Nesta fórmula, houve demasiado Perez e demasiado piano. Cabendo-lhe estender o tapete sonoro e musical para toda a banda, foi ele também o responsável pelas transições entre os momentos musicais que dentro dos temas organizadamente surgiam. Sem grandes alterações de andamentos, sem grandes contrastes rítmicos, sem grandes surpresas de exploração harmónica e quase sempre no mesmo registo, o piano de Perez tornou-se monótono. Os temas sucederam-se com eficácia mas sem grandes rasgos, dando a sensação de um concerto todo igual. E foi um concerto longo.

Brian Blade é o nervo do quarteto. Um nervo inquieto. De elevada qualidade no tratamento sonoro das peles e dos metais, usou com exactidão e expressividade diversas baquetas, cuidou do modo de abafar ou destapar peles e metais. De vez em quando, utilizou várias percussões ao longo da sessão. Ritmicamente nervoso, passaram por Blade alguns dos poucos períodos de maior tensão e exaltação. Tem uma batida de caixa e de “crash” poderosíssima.
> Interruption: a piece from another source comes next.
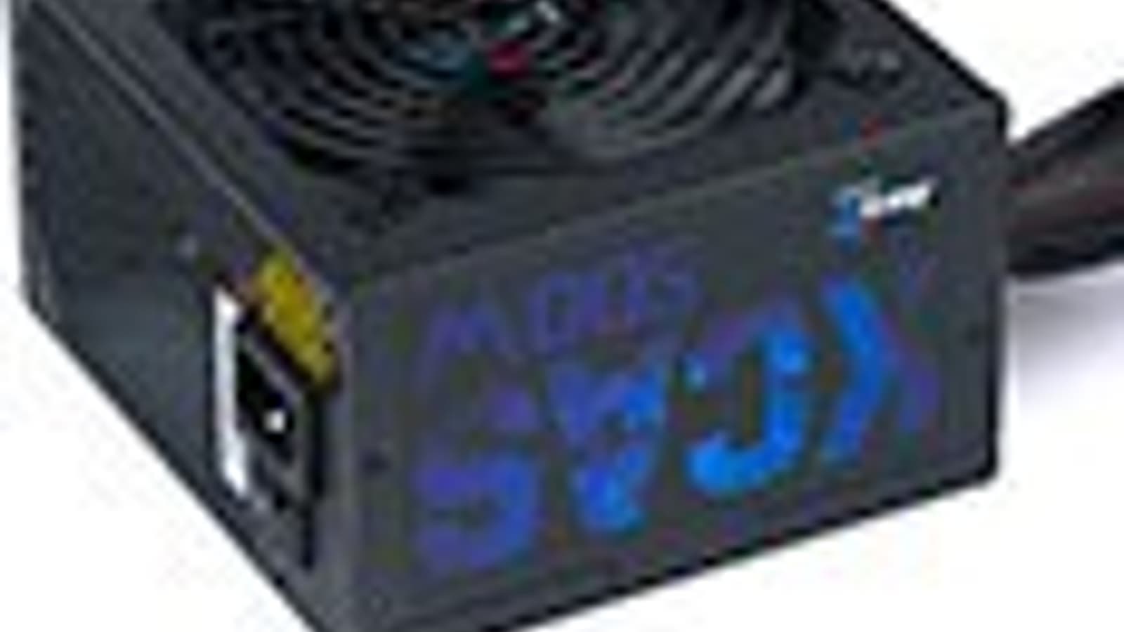 Сам корпус БП, к счастью, просто матовый с весьма освежающей дизайн наклейкой с крупной надписью синего цвета. Вентилятор закрывает черная проволочная решетка, так что БП выглядит весьма неплохо.

Houve dois momentos de aplauso a solos durante o concerto e Blade esteve nos dois. Quando já a prestação ia no terceiro tema, decorridos cerca de 50 minutos e após uma explosão de ritmos e volumes que quase o fez sair do banco, e durante o tema seis e no final deste, na sequência de um crescendo fabuloso de toda a banda.

Com um som cheio, Patitucci reforçou a harmonia que Perez ofereceu. Jogou no plano rítmico com Blade. Não tocou sempre. Parou e assistiu à música que os colegas faziam. Foi competente. Fez parte de um todo, enquanto peça da tal máquina muito bem oleada. 

Positivos e negativos

 

Dado positivo: o quarteto respirou sempre em conjunto, como um único ser. Foram impressionantes os desenvolvimentos dos temas no que diz respeito à contenção conjunta e às alterações de dinâmicas (passando lenta e consistentemente de “pianos” a “fortes” – seguidos de habituais cortes súbitos para, novamente, o “piano”).

Outro factor positivo: o quarteto não tem líderes. Mas tem Wayne Shorter a menos. Pode compreender-se a opção; pode entender-se a procura nesta fase da vida do saxofonista. Mas o certo é que tem pouco Shorter.

Wayne Shorter diluiu o seu saxofone no som do projecto. Surgiu sempre depois de o tapete estar estendido. Iniciou a actuação no tenor. Apenas ao terceiro tema passou para o saxofone soprano. No sax tenor surgiu com um som rugoso, feito de muito sopro e grão, uma surpresa inicial. E com uma abordagem minimal, tocando espaçadamente apenas notas simples do acorde. Vieram depois pequenos farrapos de melodias incompletas, sugerindo as presentes no último disco da banda, “Without a Net” (Blue Note).

Quando passou para o soprano, o seu som ficou limpo, cristalino. Shorter aumentou a velocidade de execução ascendendo a registos tensos. Mais tarde voltaria ao saxofone tenor numa exploração muito parecida com a realizada na abertura, com mais ar, mais grão, mais sujidade. Terminou em soprano (tentando atingir os altíssimos por três vezes na noite) e terminei eu com a sensação de que foi mais interessante a sua execução no tenor.

Ovação de pé no final do concerto. Em consideração a Wayne Shorter, decerto. Em consideração à elevada qualidade da máquina, penso. E porque por cá ainda se conhece pouco do jazz.

“Encore” e nova ovação de pé. Porque ainda se conhece pouco.